Quand la douleur perturbe les nuits 

Dans les douleurs persistantes, les troubles du sommeil sont fréquents. Difficulté à s’endormir, réveils nocturnes, impression de sommeil “léger” ou non réparateur : ce sont des plaintes très courantes chez les personnes qui ont mal depuis plusieurs semaines ou plusieurs mois¹. 

Ce n’est pas seulement parce qu’une zone douloureuse gêne physiquement la nuit. La douleur augmente aussi parfois la vigilance, l’anticipation et les ruminations, ce qui complique l’endormissement et entretient le problème¹,³. Avec le temps, il est fréquent d’avoir l’impression de tourner en rond entre des nuits peu récupératrices et des journées où la douleur prend plus de place¹. 

Ce que vous pouvez déjà ajuster 

L’objectif n’est pas de tout changer d’un coup.

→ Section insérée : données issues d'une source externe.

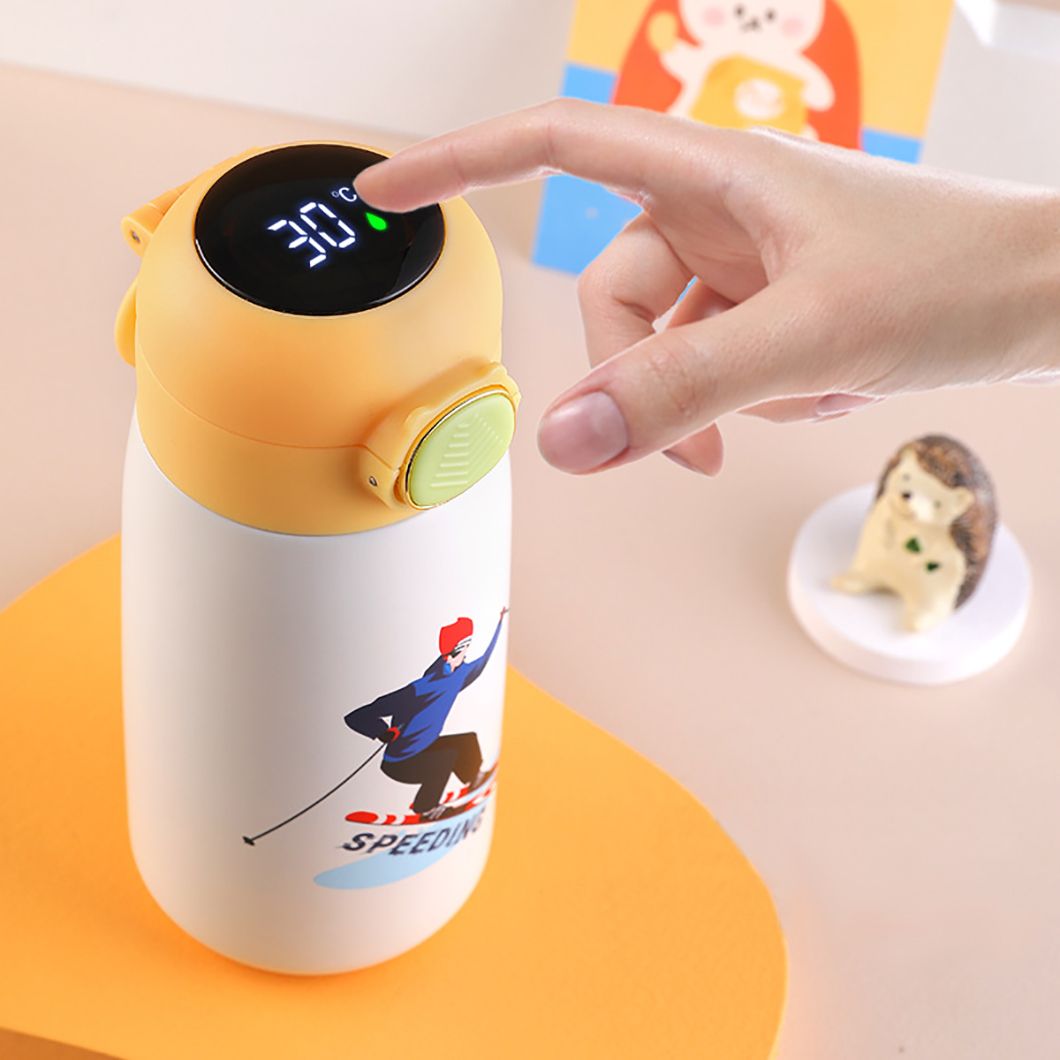 O ThermoM Cup dessas crianças se livra do problema de testar a temperatura da água. Com apenas um toque suave, ele pode exibir a temperatura. A tampa é amarela e há uma tela digital no topo que mostra claramente a temperatura. É muito conveniente para as crianças saber se a água é adequada para beber, garantindo que possam desfrutar de sua bebida com segurança e conforto.
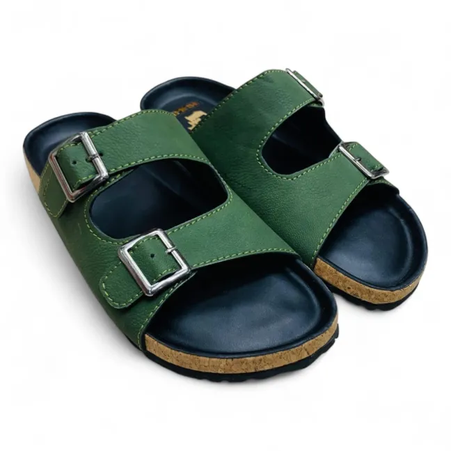 These sandals feature two adjustable wide straps in a rich forest green hue, crafted from a durable and comfortable material (likely synthetic leather or PU) with contrasting stitching. Each strap is fitted with a sleek black or silver-toned buckle, allowing for a customizable and secure fit. The prominent cork-inspired midsole not only adds a touch of natural aesthetic but also contributes to cushioned comfort. A sturdy black outsole provides reliable traction, making these sandals perfect for navigating the city streets or enjoying a relaxed day out in Dhaka.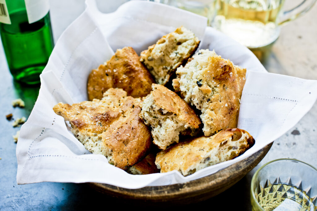 Ett buffébröd med smaksatt med tapenade. Perfekt brytbröd på buffébordet.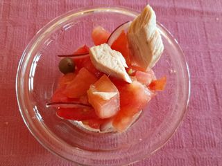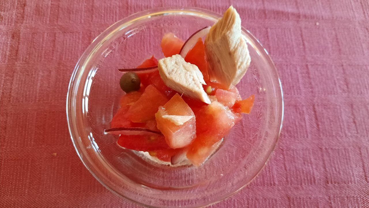 Poi l'insalata ligure con pomodoro cuore di bue, filetti di tonno Raineri all'olio di oliva, olive e cipolla rossa.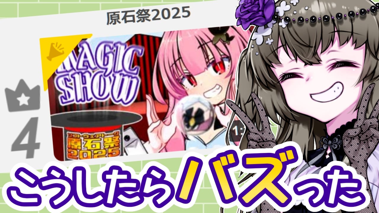 Q.<span style="color: #980000; font-size: 16px;"><strong>「原石祭でバズる準備、できてますか?」</strong></span><br>A.<span style="color: #351c75; font-size: 18px;"><strong>「できました!」</strong></span><br><br><strong>結果</strong><br><span style="color: #9900ff; font-size: 24px;"><strong>「バズりました!」</strong></span><br><br>という訳で何をしたらバズったか語らせてください!<br><br><span style="font-size: 18px;"><strong>1.4万文字あるnote:<a href="https://note.com/many_baggage/n/nbe560eddd99f" target="_blank" rel="noopener nofollow">https://note.com/many_baggage/n/nbe560eddd99f</a></strong></span><br><br><span style="color: #0000ff;"><strong>Twitter:<a href="https://x.com/many_baggage" target="_blank" rel="noopener nofollow">https://x.com/many_baggage</a></strong></span>(11/17追記)<br><br><strong>マジックショー原石祭回:<a href="https://www.nicovideo.jp/watch/sm45427949" class="watch">sm45427949</a></strong><br><br>マイリスト<br>・原石祭関係の投稿:<a href="https://www.nicovideo.jp/mylist/78942639" target="_blank" rel="noopener">mylist/78942639</a><br>・マジックショーシリーズ:my/<a href="https://www.nicovideo.jp/mylist/78017990" target="_blank" rel="noopener">mylist/78017990</a><br>・そっちなのシリーズ:<a href="https://www.nicovideo.jp/mylist/78978635" target="_blank" rel="noopener">mylist/78978635</a><br><br>本動画は、メシと蒸し風呂と私様主催のボイロ(広義)エッセイ投稿祭に参加しています。<br>告知動画:<a href="https://www.nicovideo.jp/watch/sm45427872" class="watch">sm45427872</a><br><br>また、原石祭2025後夜祭に3週間6日2時間1分遅刻して参加しています。<br>原石祭インフォ:<a href="https://blog.nicovideo.jp/niconews/255025.html" target="_blank" rel="noopener nofollow">https://blog.nicovideo.jp/niconews/255025.html</a><br>原石祭告知動画:合法少女 アルカ・フェニコ様 <a href="https://www.nicovideo.jp/watch/sm45285324" class="watch">sm45285324</a><br><br>【使用音声合成ソフト】<br>VOICEVOX:冥鳴ひまり<br>VOICEVOX:栗田まろん<br>VOICEROID2:琴葉姉妹<br>【立ち絵】<br>冥鳴ひまり:聡間まこと様 <a href="https://seiga.nicovideo.jp/seiga/im11515552" target="_blank" rel="noopener">im11515552</a><br>【素材】<br>面白い動画を見てる牛さん:ぶちも様 <a href="https://www.ac-illust.com/main/detail.php?id=23894025" target="_blank" rel="noopener nofollow">https://www.ac-illust.com/main/detail.php?id=23894025</a><br>【効果音】<br>効果音ラボ様 <a href="https://soundeffect-lab.info/" target="_blank" rel="noopener nofollow">https://soundeffect-lab.info/</a><br><br>上記以外の立ち絵や素材等は親作品リスト及び、各動画の概要欄や親作品リストを参照ください<br><br><a target="_blank" href="https://qa.nicovideo.jp/faq/show/19424?site_domain=default" style="font-size: 13px;color: #657586; text-decoration: underline; line-height: 1.4">この動画は投稿者によって修正されました</a>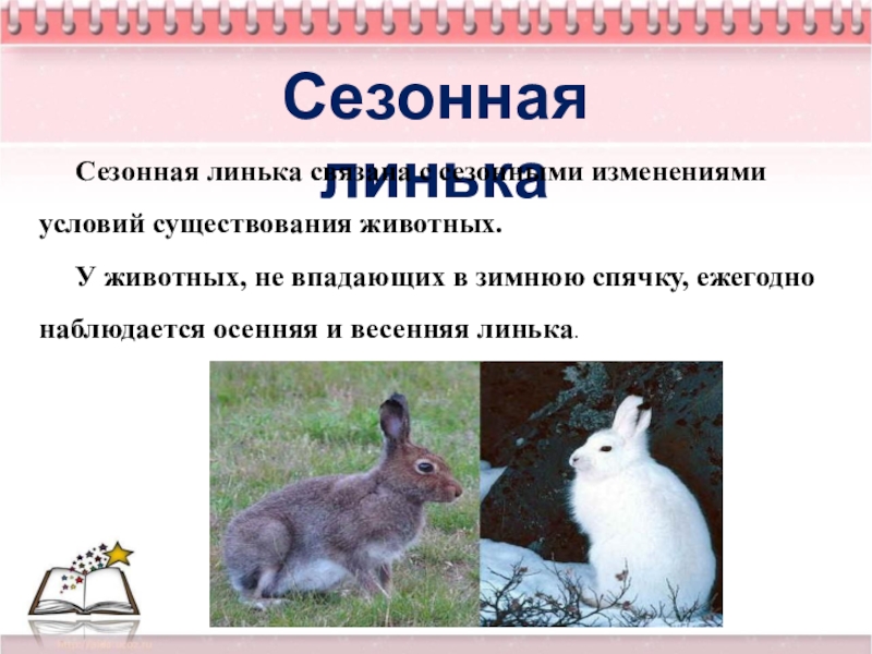 У животных, не впадающих в зимнюю спячку, ежегодно наблюдается осенняя и весенняя линька.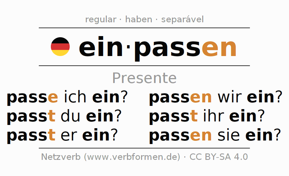A conjugação do verbo einpassen no Ativo Presente Indicativo Presente é: passe ich ein?, passt du ein?, passt er ein?, passen wir ein?, passt ihr ein?, passen sie ein?.A formação dessas formas segue determinadas regras gramaticais. Os requisitos para a conjugação do verbo como forma verbal simples no einpassen do Presente. Comentários ☆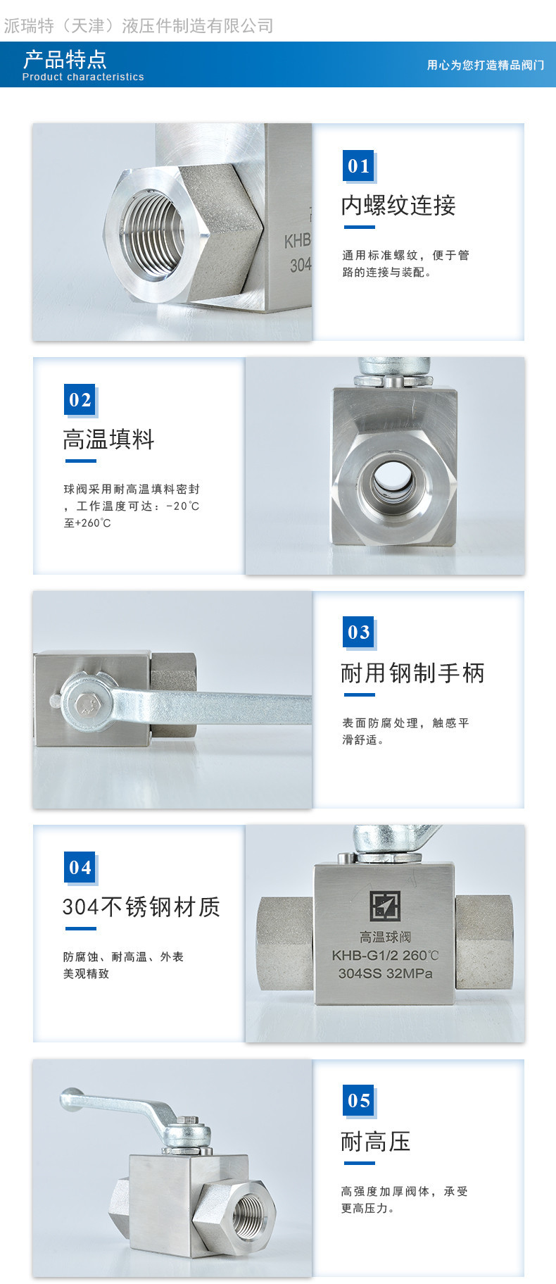 高温球阀的主要特点是本身结构紧凑,密封可靠,结构简单,维修方便,密封面与球面常在闭合状态,不易被介质冲蚀,易于操作和维修,适用于水、溶剂、酸等一般工作介质,而且还适用于工作条件恶劣的介质,如氧气、过氧化氢、甲烷和乙烯等,在各行业得到广泛的应用。球阀阀体可以是整体的,也可以是组合式的。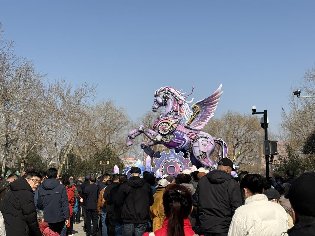 与此同时,大明湖南岸正谊广场的10米巨型花灯“马力全开”成为新热门打卡点。灯组采用赛博朋克的机械美学风格,金属机甲搭配霓虹光效,十分吸睛。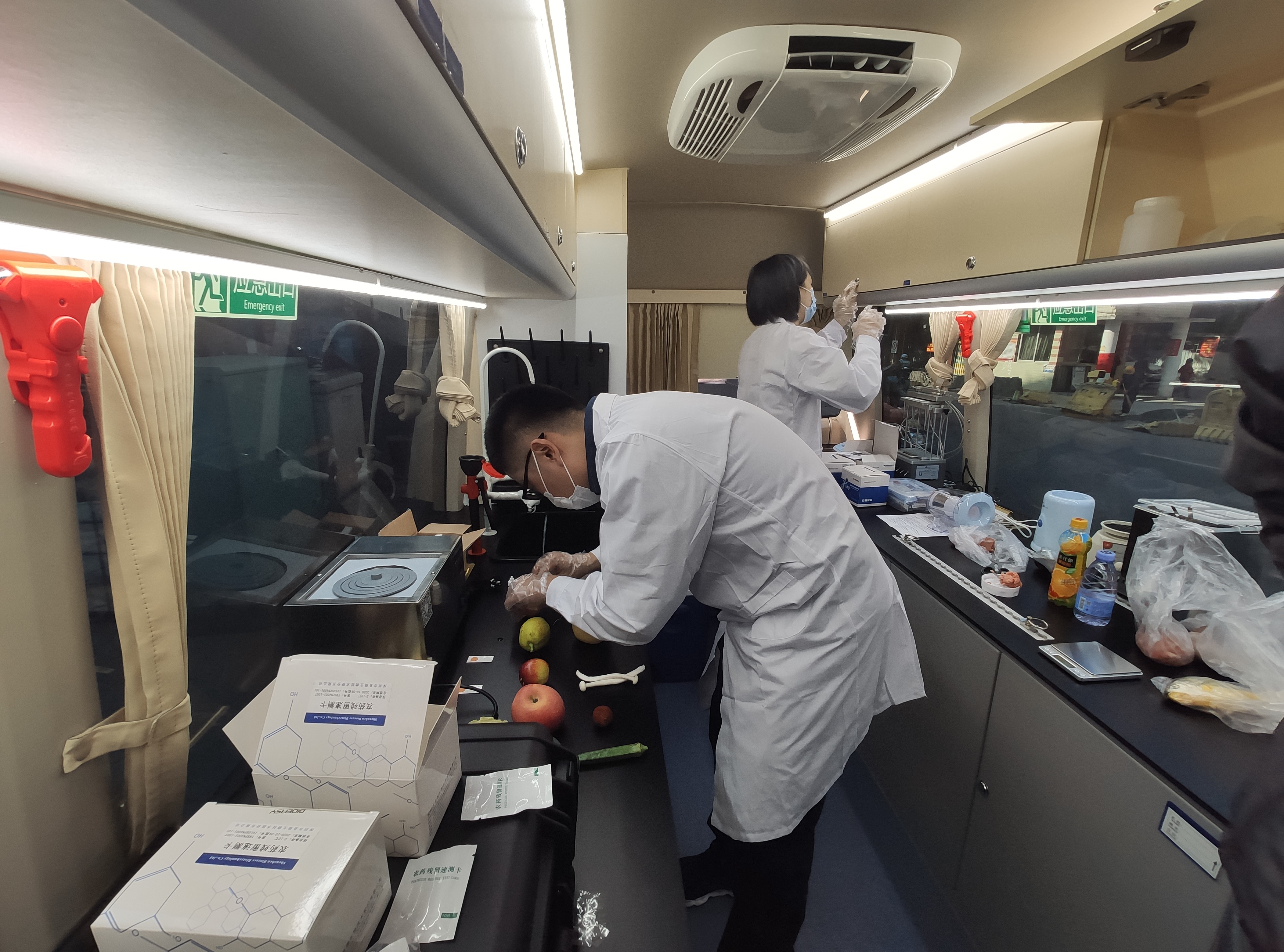 第三方检测机构工作人员正在食品安全快检车上对随机抽取的食品做快速检测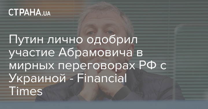 Путин лично одобрил участие Абрамовича в мирных переговорах РФ с Украиной - Financial Times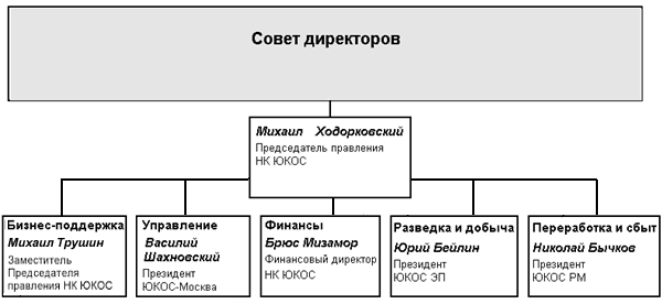 Нефтяной компанией ЮКОС управляет команда высококлассных менеджеров, которые обладают большим опытом работы в нефтяной промышленности, банковском секторе и правительстве. Они сочетают современное деловое мышление и новаторство в подходах с профессионализмом и целеустремленностью. Их знания и умения, помноженные на финансовые и технические ресурсы ЮКОСа, - залог дальнейших успехов компании.Деятельность менеджмента Компании контролирует независимый Совет директоров, в состав которого входят известные представители международного бизнеса, ученые и руководители региональных администраций, на территории которых работают предприятия НК ЮКОС. Менеджеры Компании (как действующие, так и вышедшие в отставку) занимают в Совете директоров 6 мест из 15.

En pratique, ce sont souvent quelques ajustements simples, tenus dans le temps, qui sont les plus utiles. 

S’exposer à la lumière du jour le matin et garder des horaires relativement réguliers aide souvent à stabiliser le rythme veille-sommeil. 

Limiter la caféine trop tard dans la journée, réduire les écrans en fin de soirée et éviter les repas trop lourds juste avant le coucher peut faciliter l’endormissement et rendre le sommeil plus continu. 

Bouger régulièrement dans la semaine aide souvent à mieux dormir, à condition que cela reste adapté à votre niveau actuel. 

Une chambre calme, sombre et légèrement fraîche favorise souvent un sommeil plus réparateur. 

L’idée n’est pas d’appliquer une hygiène du sommeil parfaite. Il s’agit plutôt d’identifier quelques leviers réalistes, compatibles avec votre quotidien, et de voir s’ils améliorent un peu vos nuits sur plusieurs semaines. 

La place de l’ostéopathie 

Dans ce contexte, l’ostéopathie ne se limite pas à traiter une zone douloureuse. Elle peut aussi aider à prendre un peu de recul sur l’ensemble de la situation : la douleur elle-même, le sommeil, le niveau de fatigue, le stress, les habitudes de mouvement et les contraintes du quotidien. 

En consultation, le but n’est pas de donner la même liste de conseils à tout le monde. Il s’agit plutôt d’analyser ce qui semble le plus pertinent dans votre cas, puis de dégager quelques pistes concrètes, réalistes et adaptées à votre rythme de vie. 

Autrement dit, il existe souvent plusieurs leviers possibles, mais leur intérêt dépend de la personne, de ses douleurs, de son sommeil et de son contexte. Le but est de construire une approche au cas par cas, plutôt que d’appliquer une recette toute faite. 

Références 

Finan PH, Goodin BR, Smith MT. The association of sleep and pain: an update and a path forward. J Pain. 2013;14(12):1539-1552. 

Schrimpf M, Liegl G, Boeckle M, et al. The effect of sleep deprivation on pain perception in healthy subjects: a meta-analysis. Sleep Med. 2015;16(11):1313-1320. 

Kourbanova K, Alexandre C, Latremoliere A. Effect of sleep loss on pain—New conceptual and mechanistic avenues. Front Neurosci. 2022;16:1009902.